# Miscellaneous > Database Design >  Help Making Use Case Diagram

## jack_fry

Basically I'm a noob with database work and just need a kick start to complete the rest of my other diagrams, seeing as the use case was the first step I thought I would ask for some help  :Big Grin: 

So this is my situation, can someone help me make a use case diagram for someone buying a book from me;

""I own a business which sells textbooks and other
educational books to students attending local secondary schools and tertiary institutions.

I currently sell these items using a small shop in town but have decided to move to an online presence only to reduce the cost to students.

Currently, my business has an established database for inventory items and a sales system to record the details for sales made. Both of these systems will continue to be used and I may make reasonable assumptions as to the type of data these systems contain. 

The sales
system captures details of sales made and updates the inventory system for items sold. The inventory system contains data about individual stock items held including purchase and
sale prices, item description, and quantity on hand. There is currently no system to show details about who buys items because all sales are based on cash (cash, cheque, credit
card, eftpos) transactions.""

----------


## jack_fry

Could a admin or forum mods please delete my original post and replace with the following;

Hey,

Basically im doing an assignment and have to help a local book store convert to a online book store. I need to make diagrams for the following: Use case, Function Decomposition, Conceptual erd, context, level 0 and level 1 and initial data dictionary.

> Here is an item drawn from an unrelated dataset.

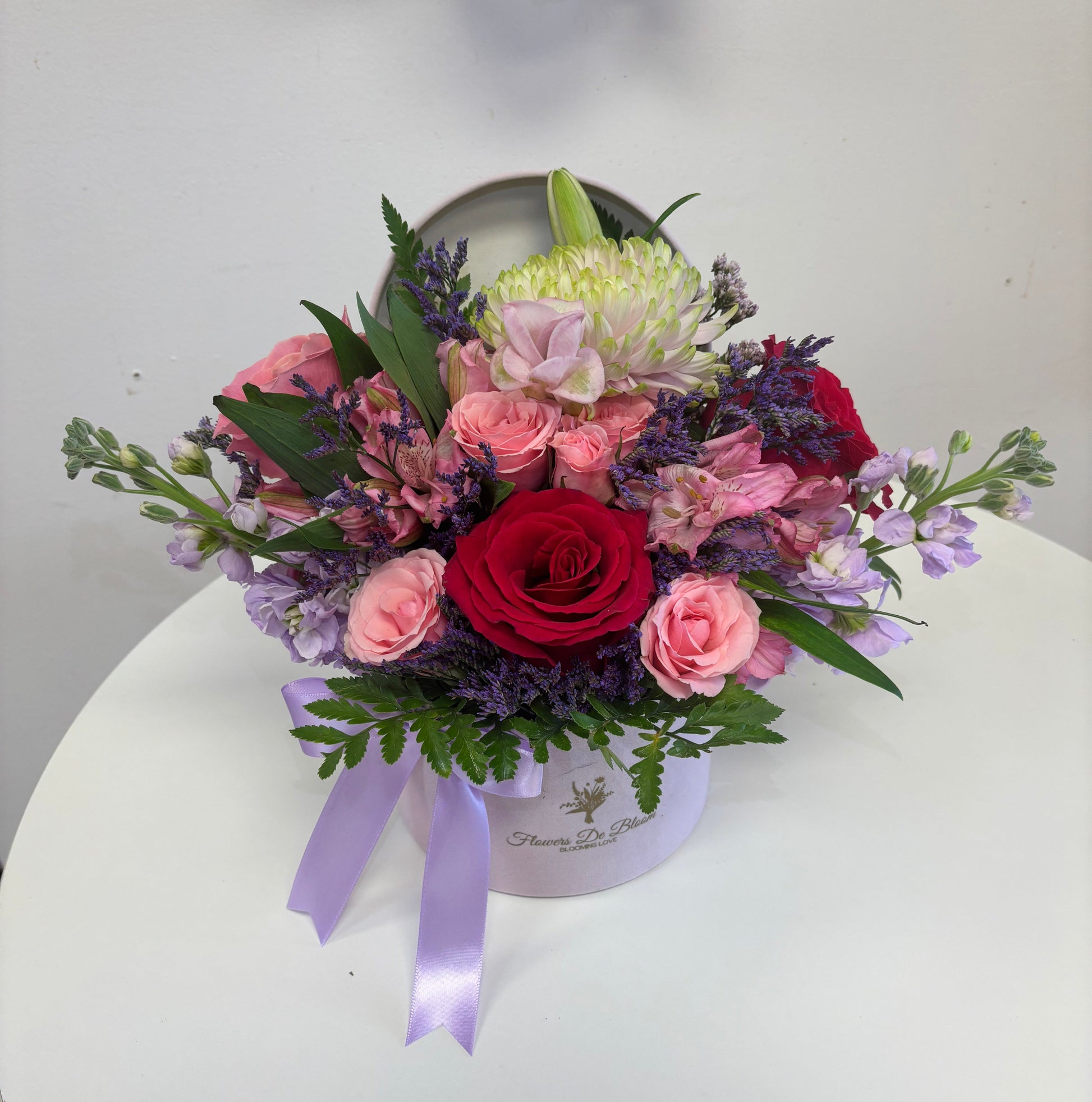 A colorful arrangement of blooms arranged in a velvet lined box

I emailed various online stores all but denying me help.

Oh and before anyone posts saying just google it, yes i am well aware of how to use the internet and have searched, so please dont post that lol.

Now I know my chances of anyone willing to help me do this all or any, are pretty slim. So if anyone can help with the lot, please pm me and I can give you the full details on the assignment, please note there maybe an incentive. 

So please help me out. Thanx GB.

----------


## jack_fry

Can a MOD delete this thread. Thanks

----------